### Information provided
============================================================
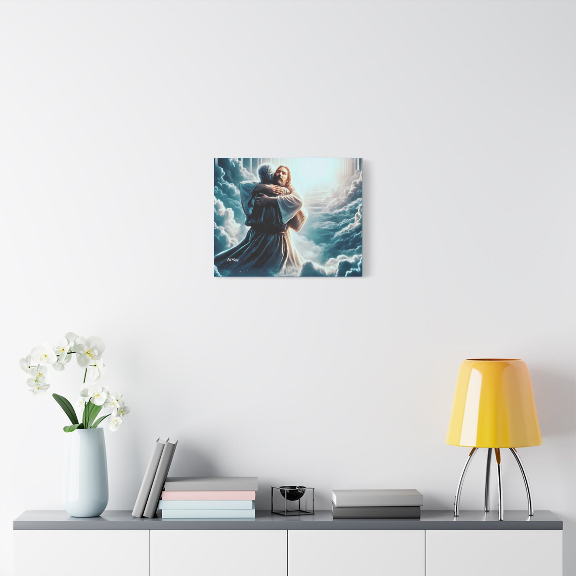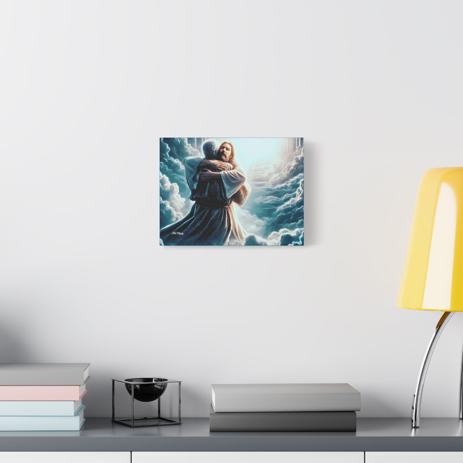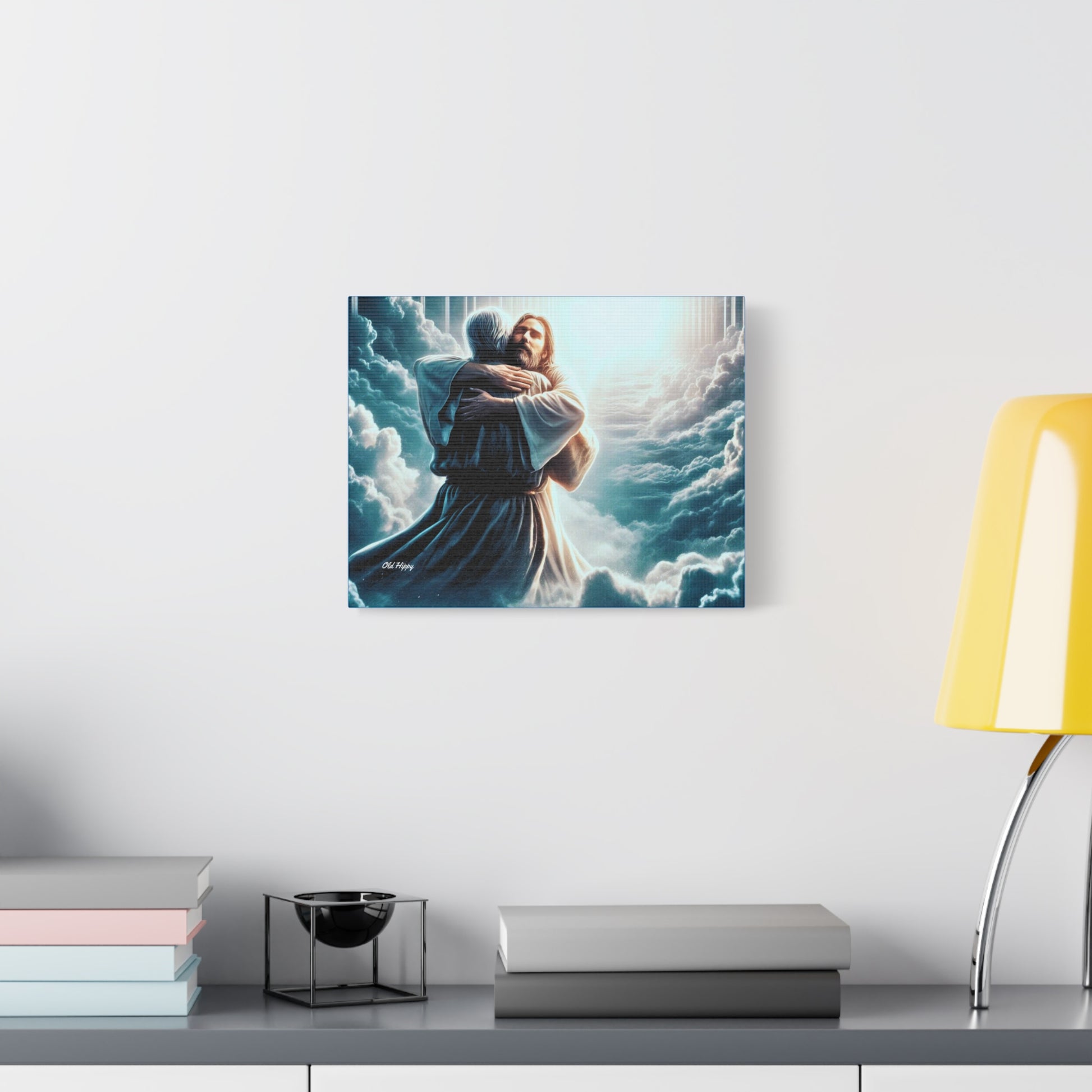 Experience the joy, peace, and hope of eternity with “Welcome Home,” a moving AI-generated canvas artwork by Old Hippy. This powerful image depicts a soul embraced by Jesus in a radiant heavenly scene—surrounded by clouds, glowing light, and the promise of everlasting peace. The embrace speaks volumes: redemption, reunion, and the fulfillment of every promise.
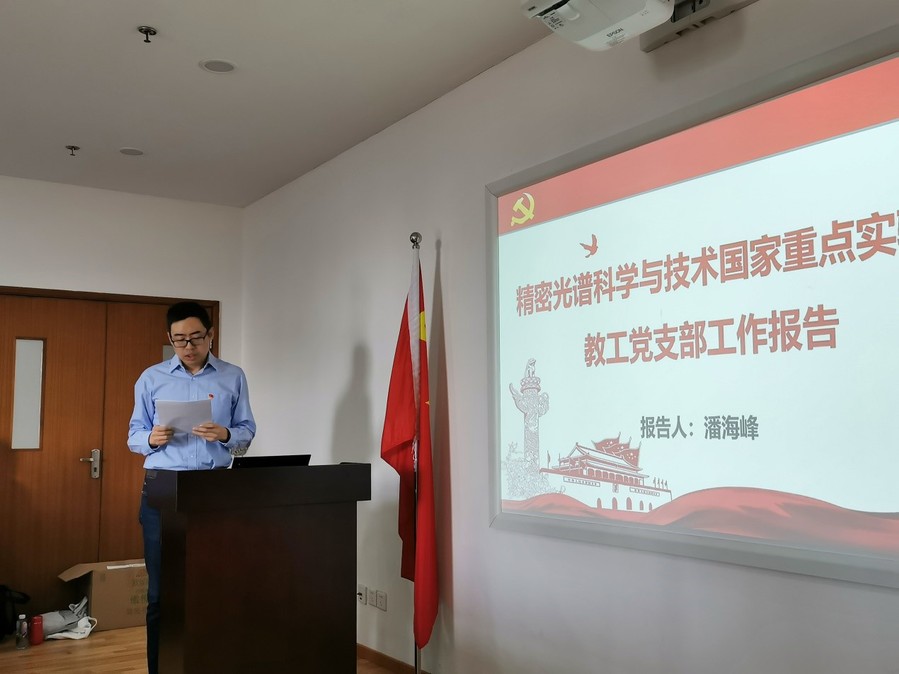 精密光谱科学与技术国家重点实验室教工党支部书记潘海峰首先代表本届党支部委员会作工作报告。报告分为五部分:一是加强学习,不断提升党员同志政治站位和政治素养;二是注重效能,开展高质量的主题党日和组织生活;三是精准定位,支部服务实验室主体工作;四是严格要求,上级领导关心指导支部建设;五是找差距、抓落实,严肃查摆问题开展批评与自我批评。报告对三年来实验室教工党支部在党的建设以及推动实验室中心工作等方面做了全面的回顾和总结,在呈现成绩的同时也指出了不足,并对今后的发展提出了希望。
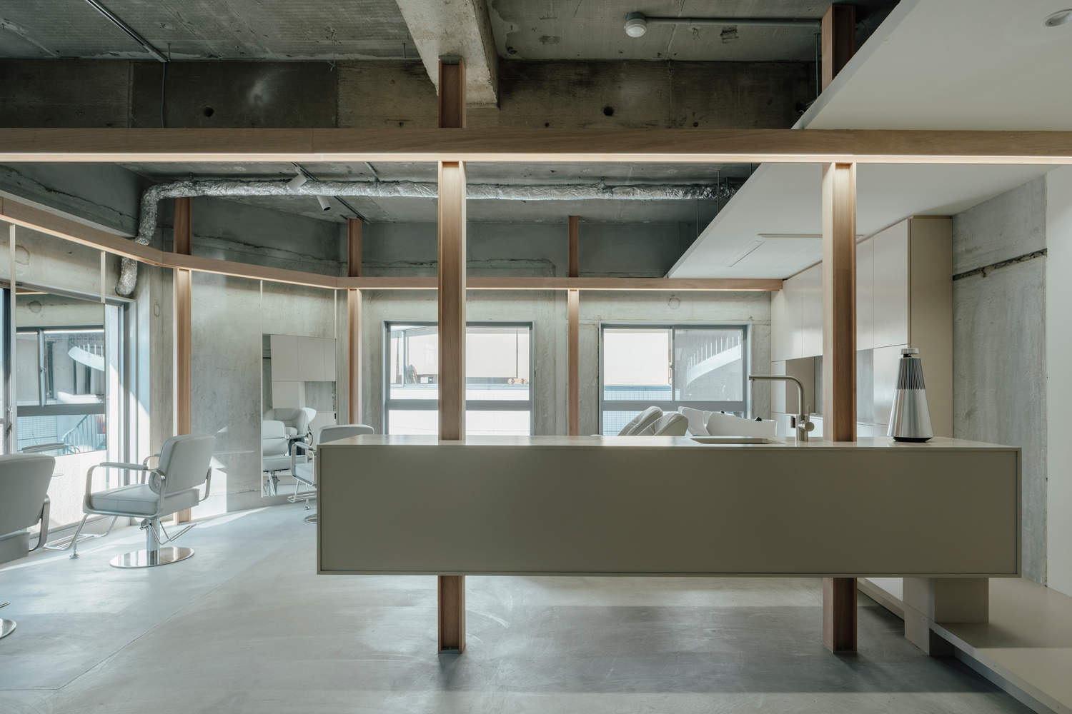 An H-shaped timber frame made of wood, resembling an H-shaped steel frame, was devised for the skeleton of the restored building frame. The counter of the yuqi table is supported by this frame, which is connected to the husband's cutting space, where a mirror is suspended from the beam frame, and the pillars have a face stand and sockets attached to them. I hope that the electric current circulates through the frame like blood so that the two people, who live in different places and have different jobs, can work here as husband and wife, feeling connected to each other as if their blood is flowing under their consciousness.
============================================================
Here the job is to output the lines from the top of the listing through the line holding "精密光谱科学与技术国家重点实", word for word and without pictures.

### Written reply
 Experience the joy, peace, and hope of eternity with “Welcome Home,” a moving AI-generated canvas artwork by Old Hippy. This powerful image depicts a soul embraced by Jesus in a radiant heavenly scene—surrounded by clouds, glowing light, and the promise of everlasting peace. The embrace speaks volumes: redemption, reunion, and the fulfillment of every promise.
 精密光谱科学与技术国家重点实验室教工党支部书记潘海峰首先代表本届党支部委员会作工作报告。报告分为五部分:一是加强学习,不断提升党员同志政治站位和政治素养;二是注重效能,开展高质量的主题党日和组织生活;三是精准定位,支部服务实验室主体工作;四是严格要求,上级领导关心指导支部建设;五是找差距、抓落实,严肃查摆问题开展批评与自我批评。报告对三年来实验室教工党支部在党的建设以及推动实验室中心工作等方面做了全面的回顾和总结,在呈现成绩的同时也指出了不足,并对今后的发展提出了希望。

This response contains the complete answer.